Дмитриев вынул свой запищавший телефон.
– Говори, Федя… Отлично, сейчас открою. Потом перезвоню.
Степан взял айпад.
– А вот и почта. Итак, что мы имеем? Однако, интересно…
– Что нашел Павлов? – полюбопытствовала я.
– Сейчас расскажу, – протянул Степа, – итак… Николай Петрович Кузнецов. Весьма распространенные фамилия, имя и отчество, в Москве таких несколько.
– Но только один подарил квартиру Вольпиной, – перебила я.
– Просто медленно подбираюсь к сути вопроса, а кто-то у нас торопыга, – усмехнулся Степан. – Да, верно. Нам нужен мужчина, который жил в двух объединенных однушках. Ага! Квартиру он получил еще при советской власти. Ему дали это жилье за победу в крупных международных соревнованиях. Дядя Коля-то наш был гимнастом, знаменитостью, поэтому ему разрешили такие апартаменты иметь. А вот и его биография. Москвич, из неблагополучной семьи, отца нет, мать пьяница. Николай начал заниматься в секции. В те годы тренеры ездили по школам, выискивали перспективных детей. Занятия были бесплатными. Если в спортобществе видели, что ребенок старательный, обладает нужным характером, то убеждали родителей перевести его в спортшколу.
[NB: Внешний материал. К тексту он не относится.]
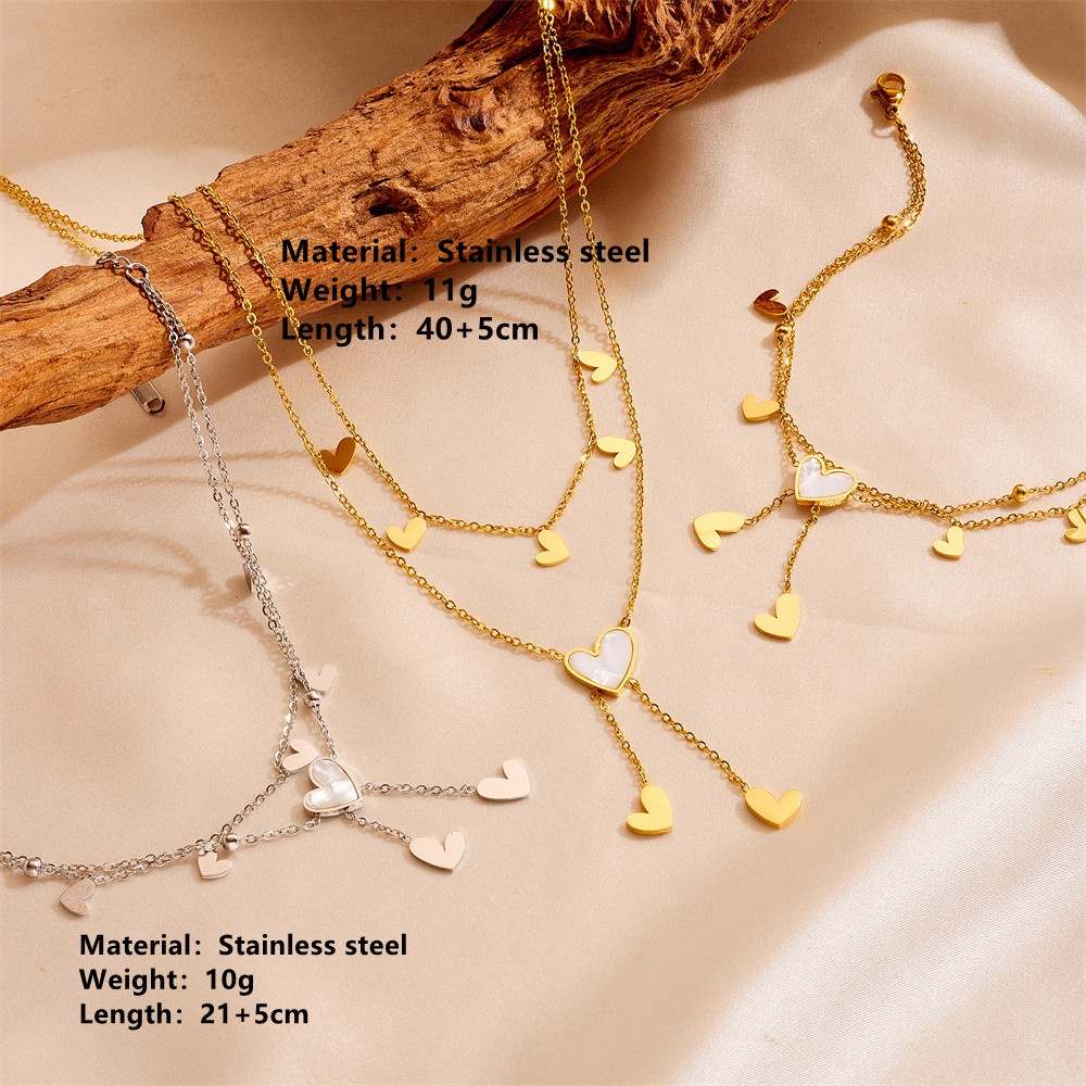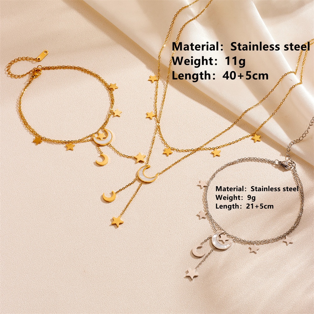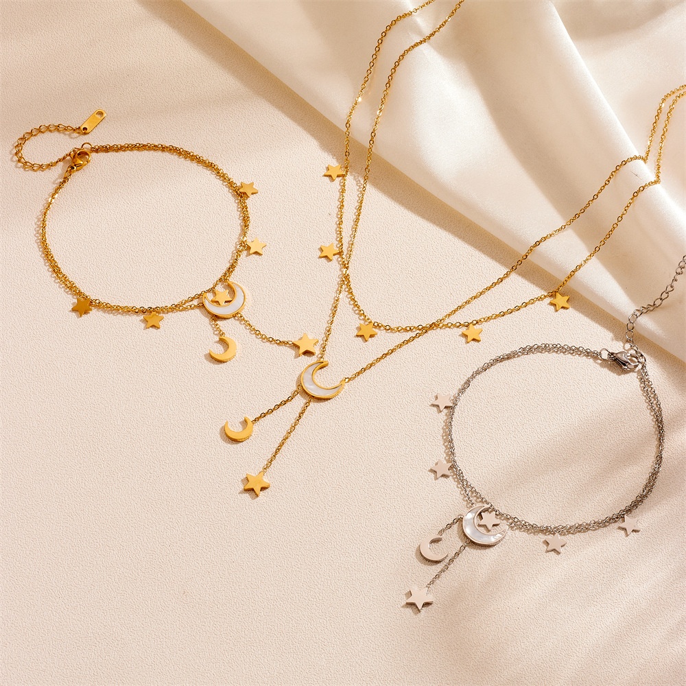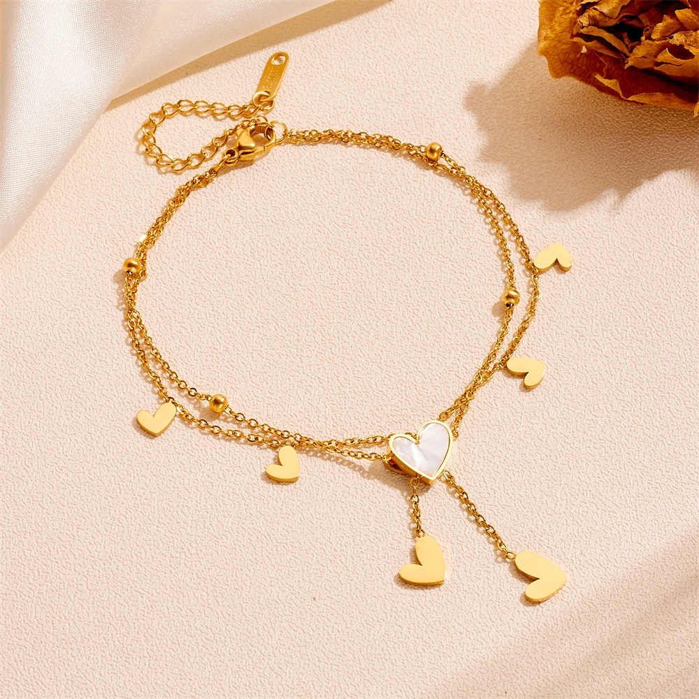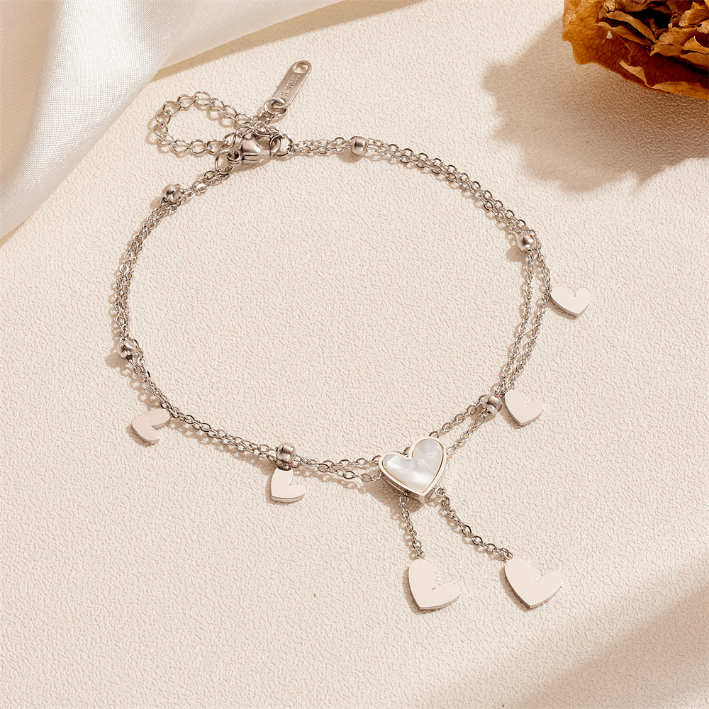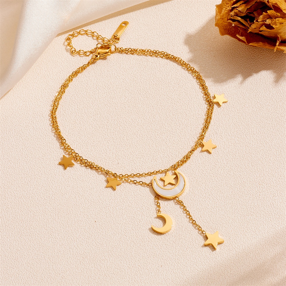 Cute Heart Star Moon Tassel Anklet Stainless Steel
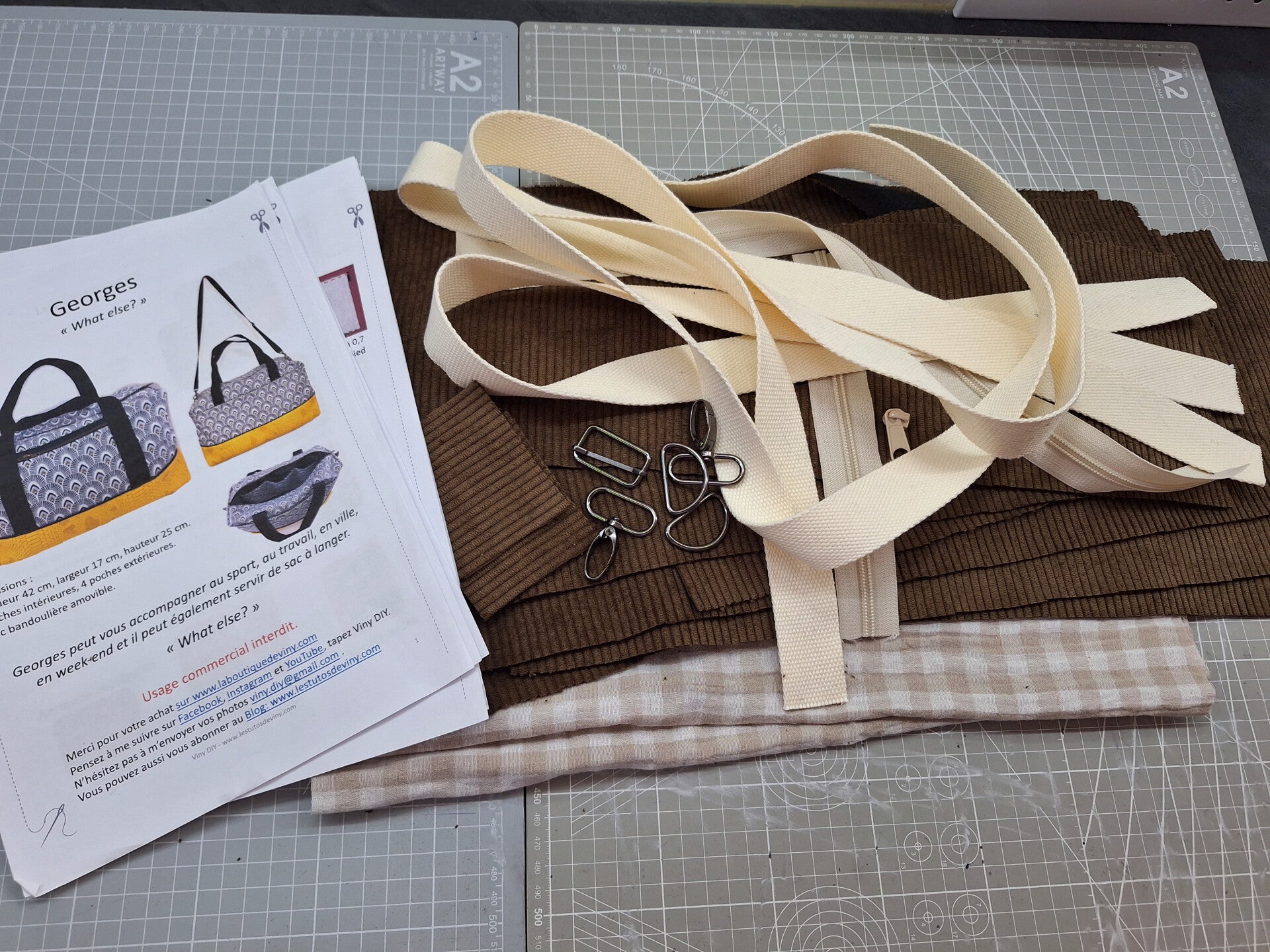 Celui-ci est fait en tissu velours côtelé marron et tissu carreau marron.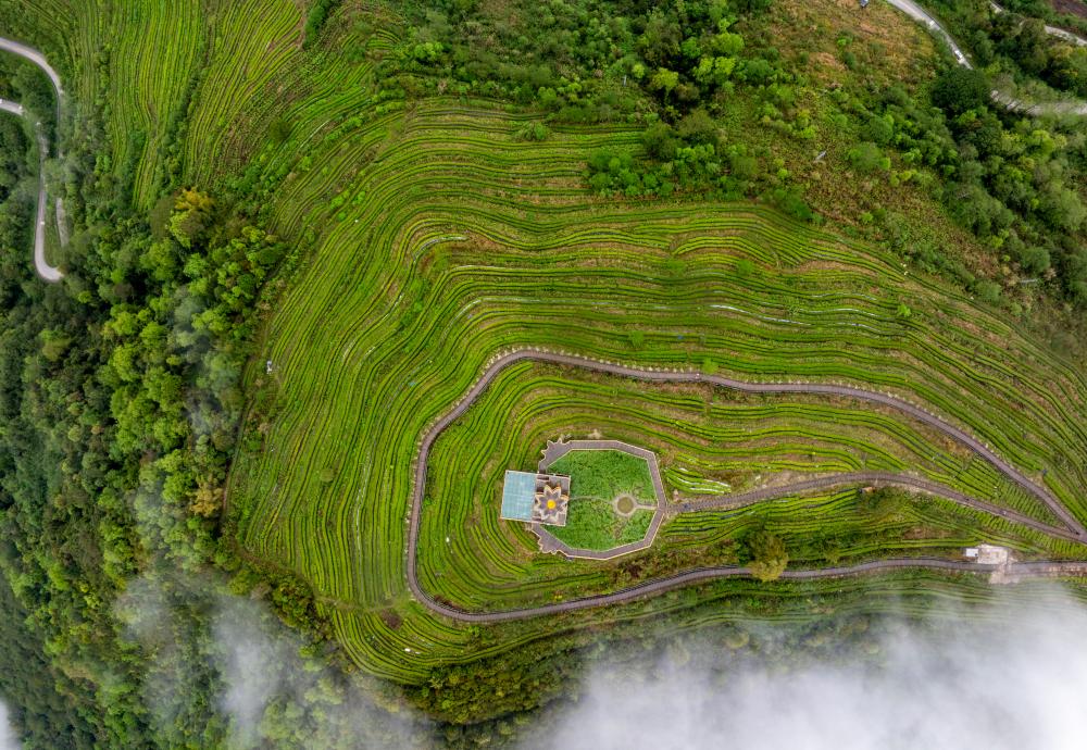 進入墨脫,路兩旁、半山腰、云霧間,可見大小不一的茶園。背崩鄉格林村的茶園在群山懷抱中層層疊疊,采茶的村民在云霧縹緲間若隱若現。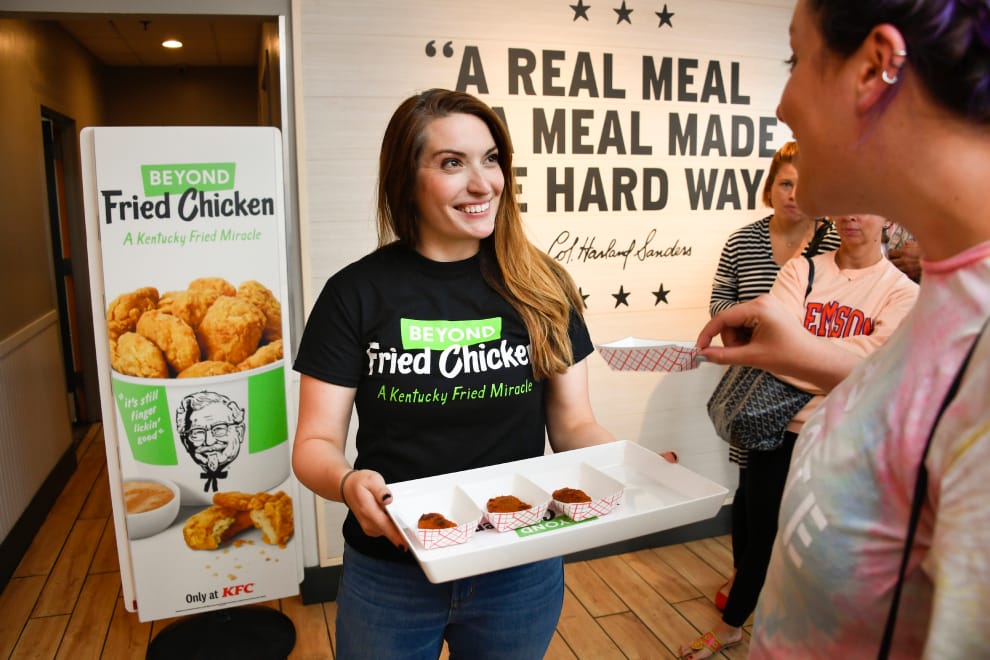 投入3D生物列印炸雞塊之餘,2019年8月,肯德基也曾與植物肉公司Beyond Meat合作,推出純素食的「超越炸雞(Beyond Fried Chicken)」產品,這款新炸雞在亞特蘭大試驗推出後廣受好評,不到5個小時就賣個精光。
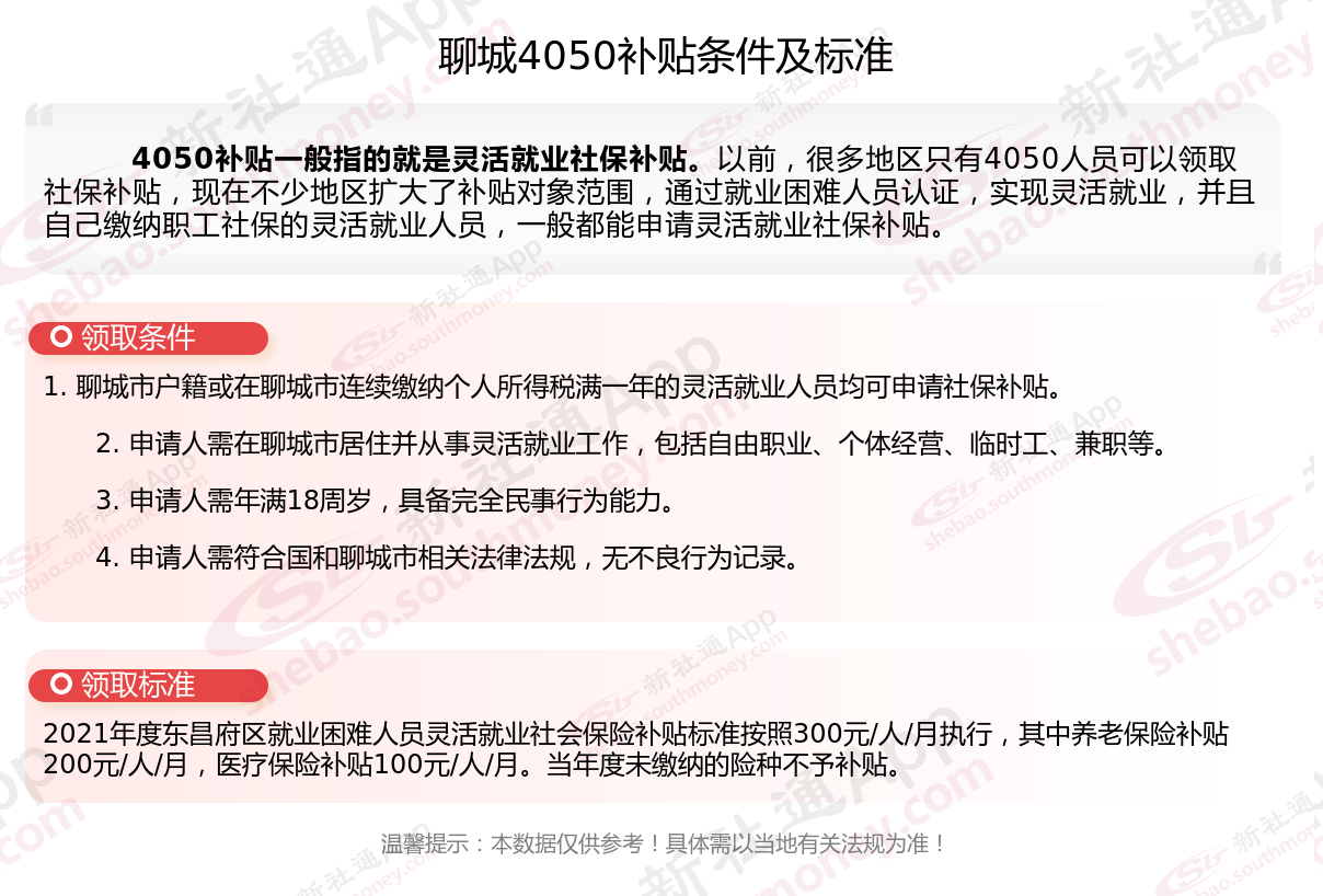 二、2025年聊城4050社保补贴多少钱?4050社保补贴领取条件什么?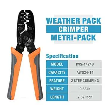 Show moreIntroducing the iCrimp Weather Pack Crimper Tool—the ultimate solution for DIY automotive enthusiasts and professionals alike looking to achieve high-quality crimp connections with Delphi APTIV and Metri-Pack terminals. This innovative tool is not just versatile but also engineered to deliver precision crimping for a variety of applications, ensuring that your projects maintain the both integrity and reliability that OEM components provide. Whether you're replacing damaged connectors or adding custom wiring, the IWS-1424B model ensures you do so with ease and efficiency.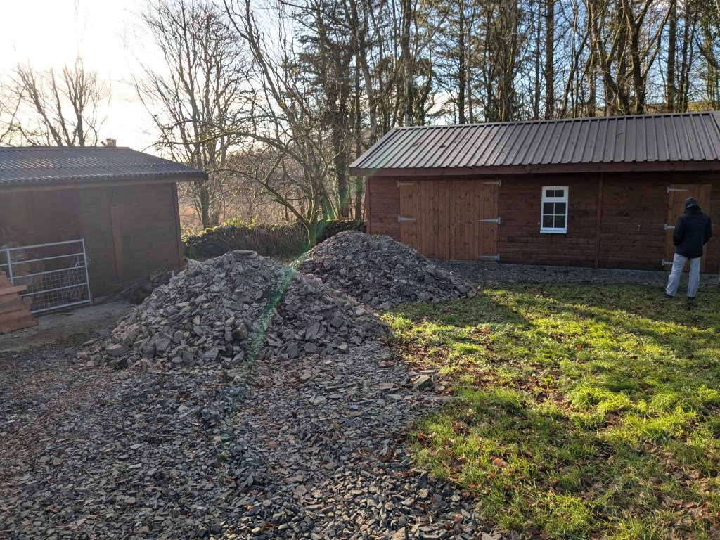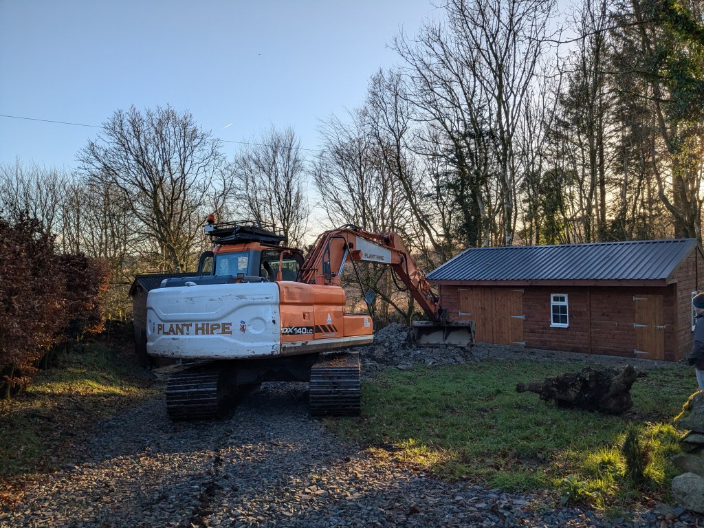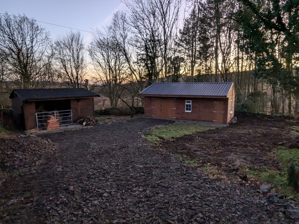 We did make a little progress on the house, when the landscaping around the new garage was finally finished. The local sawmill (who built it) had been waiting for their mini-digger to be repaired. They finally gave up waiting, and a very skilled operator managed to get up the track and navigated all the narrow openings in drystone walls in a massive full size digger! Rather him than me, but he did an excellent job and we even have a little stone left for running repairs on the track. The very helpful chap also levelled the ground to the right of the garage, where we plan to erect a polytunnel – eventually.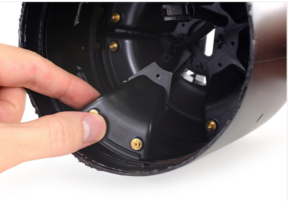 They are then firing through the ports which are directed out of the side intentionally across or ever so slightly above the surface it sits on. Here is a closer look where it goes into the mesh.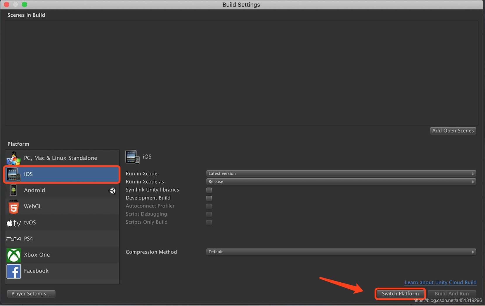2.将发布平台切换为iOS
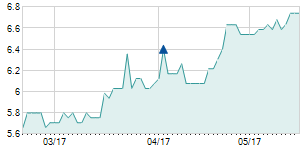 | 12/12/2006 | +3.50 / +4.86% | 75.50 | 75.50 | 75.50 | 75.50 | 75.50 | 6.72 | 19,900 |   |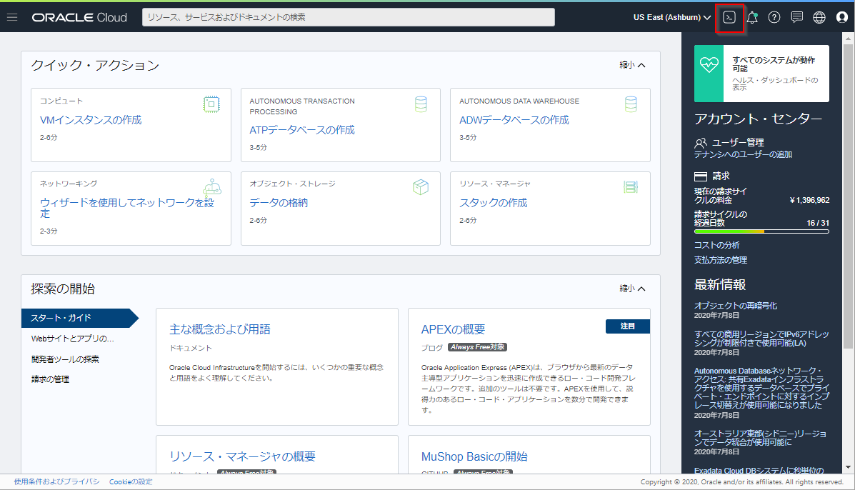 OCIコンソール上で右上にあるターミナルのアイコンをクリックします。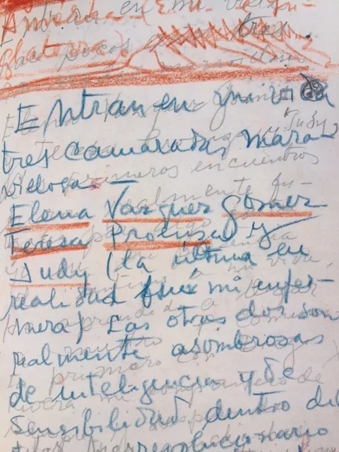 Below: The writing on the left is the second page of a letter written to Diego Rivera in her diary; it reveals ink marks from the drawing she creates on the back of the paper.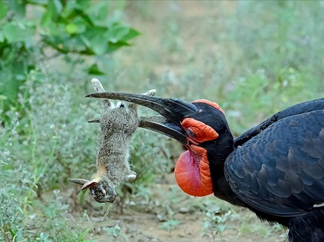 地犀鸟真是一种攻击力爆棚的可怕鸟类,一口就能吞下一只兔子!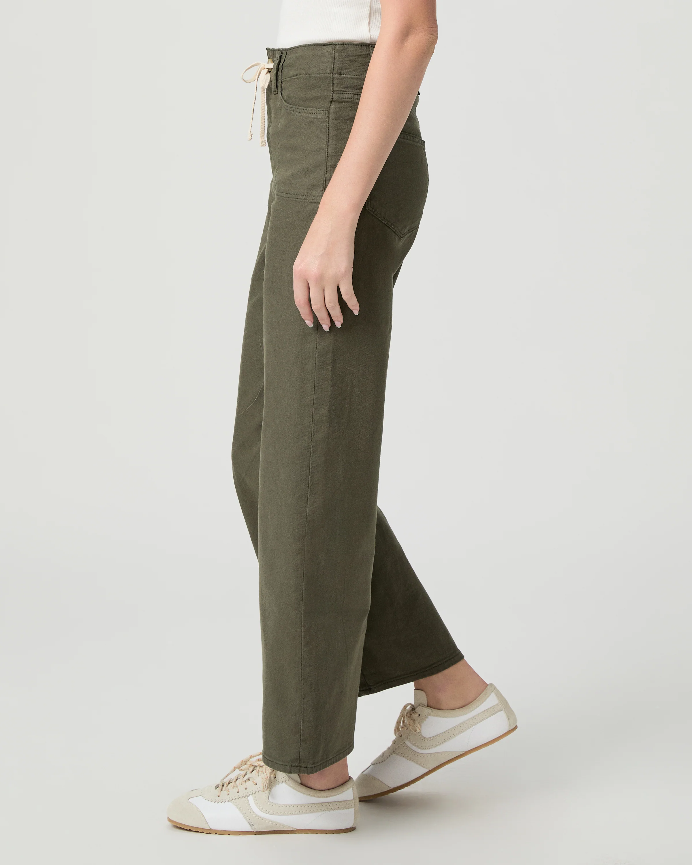 Ari is our modern high rise, wide leg weekender pant with a lightweight, relaxed fit and an ankle-length inseam. Crafted from super soft denim, this pair comes in a vintage-inspired dark forest green with utility pockets and a waistband tie.

Многим детям из такой среды, как Кузнецов, спорт давал путевку в жизнь. Тренер заставлял хорошо учиться, его воспитанник получал от государства одежду, еду.
– Прямо сказка, – вздохнула я. – Но ведь так на самом деле было. Помнишь Олю Степанову из нашего двора? Родителей не было, вместо них вечно пьяная бабка… А она стала чемпионкой мира, только не помню, по какому виду спорта. Ольга институт окончила, до сих пор на телевидении комментатором работает.
– С Николаем Кузнецовым получилось иначе, – вздохнул Дмитриев. – Он перебрался в новую квартиру, несколько лет еще участвовал в состязаниях, но верно говорят: уходить надо на пике славы.
– Трудно все бросить, когда стоишь на верхней ступени пьедестала почета с лавровым венком на макушке, – заметила я. – В голове обязательно завертится мысль: ну, еще год покувыркаюсь, сил пока много.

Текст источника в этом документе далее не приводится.